ACTIVITY —
An exact transcript is required of the lines below, from the one containing "Win Local returns" through the very last; leave every picture out of it.

[[ DATASET RECORDS open ]]

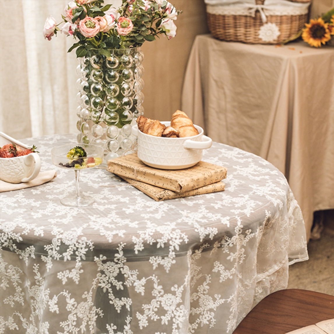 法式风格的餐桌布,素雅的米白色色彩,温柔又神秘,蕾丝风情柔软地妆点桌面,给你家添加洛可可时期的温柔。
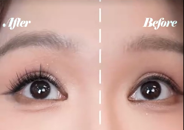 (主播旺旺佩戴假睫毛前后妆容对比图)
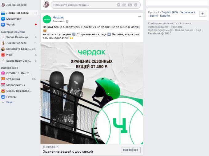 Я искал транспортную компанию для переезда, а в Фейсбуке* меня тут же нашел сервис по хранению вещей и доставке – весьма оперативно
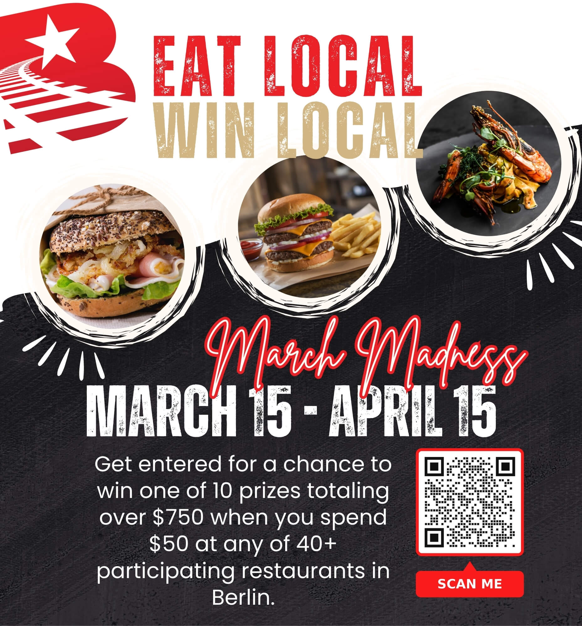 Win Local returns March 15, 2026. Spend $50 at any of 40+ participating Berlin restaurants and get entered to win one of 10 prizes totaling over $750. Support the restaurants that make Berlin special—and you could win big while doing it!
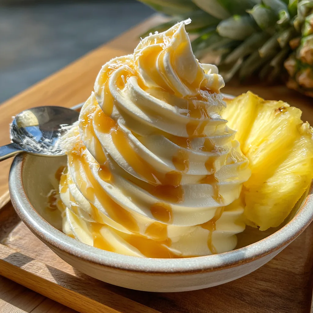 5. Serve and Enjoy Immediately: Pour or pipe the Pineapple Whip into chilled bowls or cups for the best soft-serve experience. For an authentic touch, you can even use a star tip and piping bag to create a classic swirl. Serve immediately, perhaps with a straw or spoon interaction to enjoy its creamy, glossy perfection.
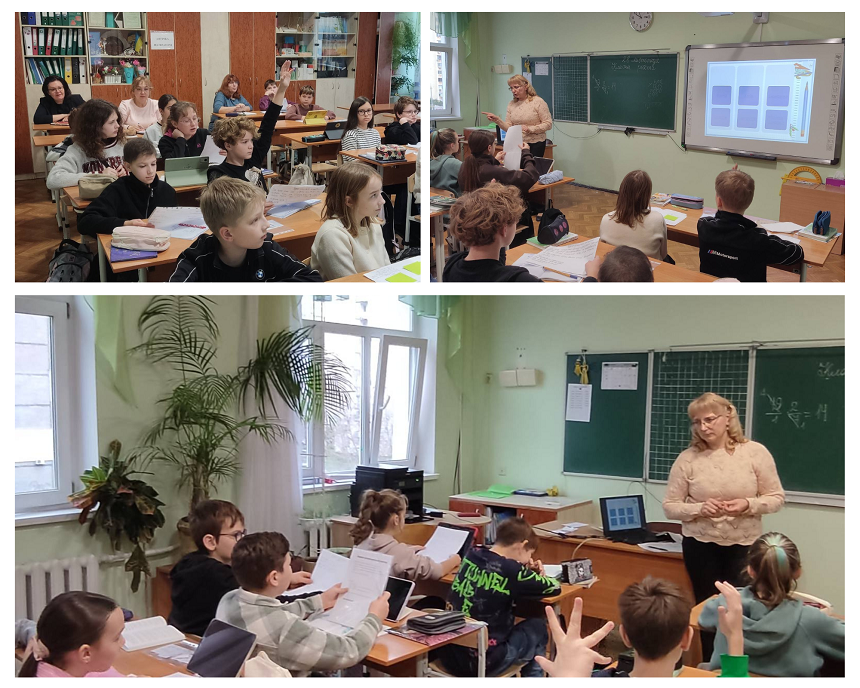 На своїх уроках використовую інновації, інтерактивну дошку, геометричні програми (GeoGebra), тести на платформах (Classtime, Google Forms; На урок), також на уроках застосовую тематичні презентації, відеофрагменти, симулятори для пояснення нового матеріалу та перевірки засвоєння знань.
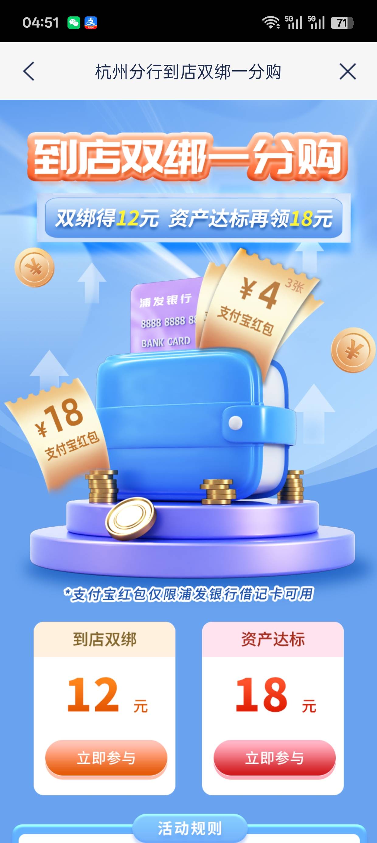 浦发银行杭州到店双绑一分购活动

[[ DATASET RECORDS closed ]]

ANSWER SPACE —
 Win Local returns March 15, 2026. Spend $50 at any of 40+ participating Berlin restaurants and get entered to win one of 10 prizes totaling over $750. Support the restaurants that make Berlin special—and you could win big while doing it!
 5. Serve and Enjoy Immediately: Pour or pipe the Pineapple Whip into chilled bowls or cups for the best soft-serve experience. For an authentic touch, you can even use a star tip and piping bag to create a classic swirl. Serve immediately, perhaps with a straw or spoon interaction to enjoy its creamy, glossy perfection.
 На своїх уроках використовую інновації, інтерактивну дошку, геометричні програми (GeoGebra), тести на платформах (Classtime, Google Forms; На урок), також на уроках застосовую тематичні презентації, відеофрагменти, симулятори для пояснення нового матеріалу та перевірки засвоєння знань.
 浦发银行杭州到店双绑一分购活动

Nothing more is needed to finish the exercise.